Why does this matter?

Wages: Non-competes erode bargaining power, and have an adverse effect on wage growth. We grabbed the graph below from the Treasury piece comparing wages, reweighted by occupation, in states with heavy and no enforcement.

Age-wage profile

Of course, it’s not a slam-dunk: Median household incomes in California rank third in the nation, and are about 150% of 33rd ranked Georgia’s median household incomes. Clearly there is more at play there than California’s lack of enforcement and Georgia’s more aggressive stance.

Innovation and productivity: We know that high-tech firms often cluster in regions with competitive suppliers, large numbers of qualified workers, and “information spillovers” among firms. Of course, such spillovers are not always beneficial to firms whose ideas are on the move, although they will rotate into the taking position again. But spillover is one of the drivers of innovation, job churn and productivity and so is beneficial to regional economies on the whole.

Some studies referenced within the Treasury piece note that workers tend to migrate to states were enforcement is weakest, hence contributing to brain drain of specific regions.

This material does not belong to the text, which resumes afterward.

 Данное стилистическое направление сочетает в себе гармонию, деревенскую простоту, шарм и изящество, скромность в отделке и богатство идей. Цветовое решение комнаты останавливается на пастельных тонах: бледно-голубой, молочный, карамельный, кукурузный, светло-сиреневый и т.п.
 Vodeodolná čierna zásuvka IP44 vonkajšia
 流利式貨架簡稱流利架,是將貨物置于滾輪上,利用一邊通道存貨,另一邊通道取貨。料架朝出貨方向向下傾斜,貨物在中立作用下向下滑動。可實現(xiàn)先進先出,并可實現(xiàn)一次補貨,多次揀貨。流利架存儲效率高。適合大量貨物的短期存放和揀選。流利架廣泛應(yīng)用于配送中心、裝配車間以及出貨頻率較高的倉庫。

In their paper “Do strict trade secret and non-competition laws obstruct innovation?” (not free online) two specialists, Charles T. Graves and James A. DiBoise argue that, whatever we have come to believe about protecting intellectual property, the real innovators are the creative job-hopping employees themselves, and anything that restricts their mobility impedes the advancement of valuable “destructive” technologies. They suggest reform would be a good thing, and they have something to lose in suggesting this: they both represent employees in noncompete litigation.

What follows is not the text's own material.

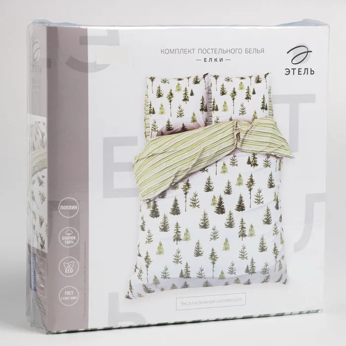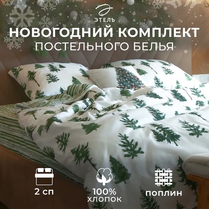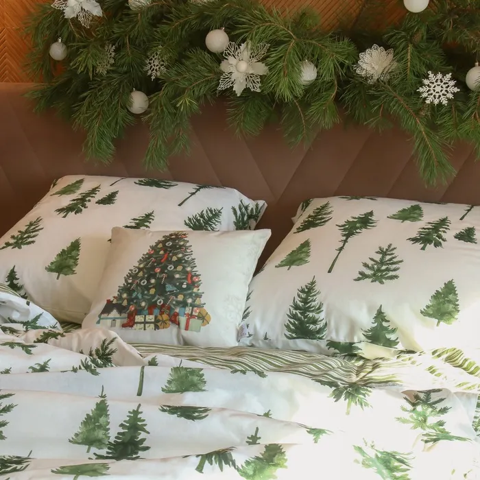 Постельное белье новогоднее Этель «Ёлки» 2 сп 175*215 см, 200*220 см,70*70 см -2 штуки — Характеристики

Harvard law professor William W. Fisher working with Felix Oberholzer-Ghee of the Business School in their paper on developing an integrated approach to managing intellectual property make the point that although intellectual property rights represent a “significant fraction” of enterprise value, recent surveys show that less than half of current business leaders understand how important such rights are, or are actively involved in strategic planning. They note that IP management is handed off to legal departments who are little involved in strategic planning, and strategic managers don’t work together.

This double-silo approach leads to short-sighted solutions, most lamentably legally driven attempts to leverage their IP possibilities in a way that derail important network effects, and “worse yet, enable competitors to capitalize on network effects.”

We often argue that R&D spending is below where it should be. Efforts to control employee movement read as a dinosaur in the vibrant high-tech world, and such squabbling suggests too much attention to the fencing, and not enough to the care of the herd.

We’ll end with this wise advice from the irascible HR Examiner:: “Your Trade Secrets are Secret For About 27 Days. Or 27 minutes. Really, the secret way of doing almost anything is over… Why are you focused on the rear-view mirror and trying to protect something that will be obsolete long before the lawsuit is over?”